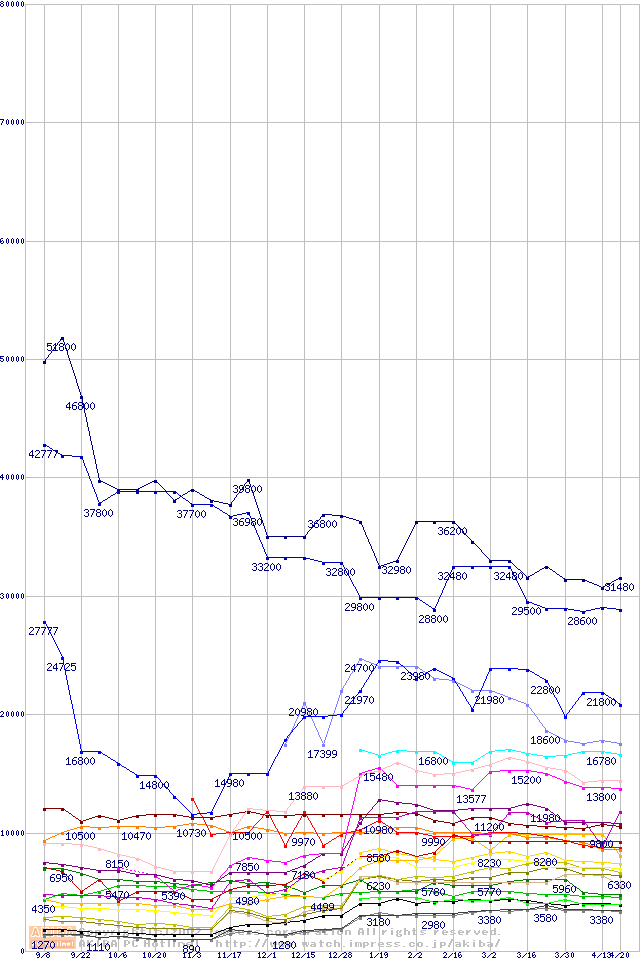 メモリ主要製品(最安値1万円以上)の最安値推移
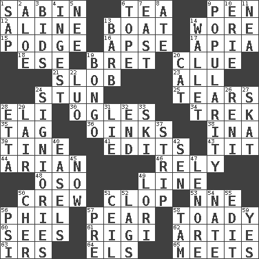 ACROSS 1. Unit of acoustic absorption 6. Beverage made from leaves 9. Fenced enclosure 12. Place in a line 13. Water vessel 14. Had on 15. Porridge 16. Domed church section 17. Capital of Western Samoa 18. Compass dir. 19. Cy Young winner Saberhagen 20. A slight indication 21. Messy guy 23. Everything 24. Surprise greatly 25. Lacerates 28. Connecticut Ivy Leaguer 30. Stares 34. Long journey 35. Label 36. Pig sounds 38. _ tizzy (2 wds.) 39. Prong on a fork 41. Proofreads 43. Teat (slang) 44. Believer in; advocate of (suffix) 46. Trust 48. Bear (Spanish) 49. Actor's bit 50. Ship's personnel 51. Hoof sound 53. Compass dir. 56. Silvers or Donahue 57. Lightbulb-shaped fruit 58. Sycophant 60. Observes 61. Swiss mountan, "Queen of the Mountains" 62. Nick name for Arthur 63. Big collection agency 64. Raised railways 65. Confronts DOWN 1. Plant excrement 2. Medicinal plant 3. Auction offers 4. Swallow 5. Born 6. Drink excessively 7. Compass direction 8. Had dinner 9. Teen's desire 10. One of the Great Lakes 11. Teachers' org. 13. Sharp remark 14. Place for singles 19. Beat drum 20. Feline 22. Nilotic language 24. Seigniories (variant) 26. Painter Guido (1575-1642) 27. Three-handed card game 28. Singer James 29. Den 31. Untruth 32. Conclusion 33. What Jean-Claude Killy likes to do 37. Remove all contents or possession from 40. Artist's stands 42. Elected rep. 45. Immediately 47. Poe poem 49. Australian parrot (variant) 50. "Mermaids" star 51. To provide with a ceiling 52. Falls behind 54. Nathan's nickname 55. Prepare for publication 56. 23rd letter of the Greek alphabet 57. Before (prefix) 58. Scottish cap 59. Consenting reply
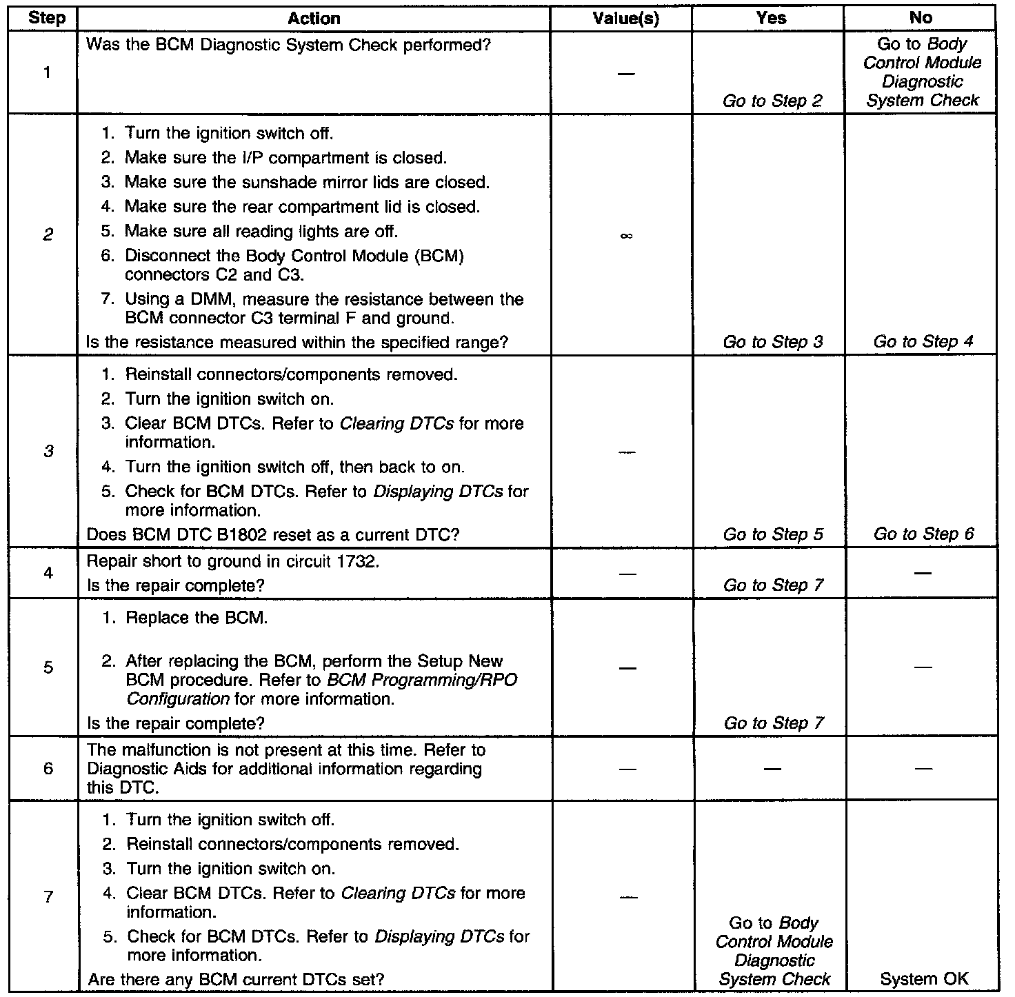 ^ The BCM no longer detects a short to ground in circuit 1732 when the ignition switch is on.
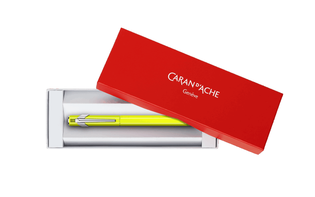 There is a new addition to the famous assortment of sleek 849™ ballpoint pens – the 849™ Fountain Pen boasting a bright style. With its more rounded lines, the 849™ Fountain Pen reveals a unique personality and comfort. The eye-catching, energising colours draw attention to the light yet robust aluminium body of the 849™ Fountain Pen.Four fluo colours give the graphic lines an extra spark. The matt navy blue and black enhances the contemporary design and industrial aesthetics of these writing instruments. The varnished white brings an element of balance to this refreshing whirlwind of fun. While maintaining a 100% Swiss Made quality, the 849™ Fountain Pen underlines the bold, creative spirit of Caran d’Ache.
----
▶ WHAT YOU NEED TO DO
Pictures excluded, repeat exactly the lines from the top of the material through the line with "switch is on.", including both of those lines.

▶ ANSWER SPACE
 メモリ主要製品(最安値1万円以上)の最安値推移
 ACROSS 1. Unit of acoustic absorption 6. Beverage made from leaves 9. Fenced enclosure 12. Place in a line 13. Water vessel 14. Had on 15. Porridge 16. Domed church section 17. Capital of Western Samoa 18. Compass dir. 19. Cy Young winner Saberhagen 20. A slight indication 21. Messy guy 23. Everything 24. Surprise greatly 25. Lacerates 28. Connecticut Ivy Leaguer 30. Stares 34. Long journey 35. Label 36. Pig sounds 38. _ tizzy (2 wds.) 39. Prong on a fork 41. Proofreads 43. Teat (slang) 44. Believer in; advocate of (suffix) 46. Trust 48. Bear (Spanish) 49. Actor's bit 50. Ship's personnel 51. Hoof sound 53. Compass dir. 56. Silvers or Donahue 57. Lightbulb-shaped fruit 58. Sycophant 60. Observes 61. Swiss mountan, "Queen of the Mountains" 62. Nick name for Arthur 63. Big collection agency 64. Raised railways 65. Confronts DOWN 1. Plant excrement 2. Medicinal plant 3. Auction offers 4. Swallow 5. Born 6. Drink excessively 7. Compass direction 8. Had dinner 9. Teen's desire 10. One of the Great Lakes 11. Teachers' org. 13. Sharp remark 14. Place for singles 19. Beat drum 20. Feline 22. Nilotic language 24. Seigniories (variant) 26. Painter Guido (1575-1642) 27. Three-handed card game 28. Singer James 29. Den 31. Untruth 32. Conclusion 33. What Jean-Claude Killy likes to do 37. Remove all contents or possession from 40. Artist's stands 42. Elected rep. 45. Immediately 47. Poe poem 49. Australian parrot (variant) 50. "Mermaids" star 51. To provide with a ceiling 52. Falls behind 54. Nathan's nickname 55. Prepare for publication 56. 23rd letter of the Greek alphabet 57. Before (prefix) 58. Scottish cap 59. Consenting reply
 ^ The BCM no longer detects a short to ground in circuit 1732 when the ignition switch is on.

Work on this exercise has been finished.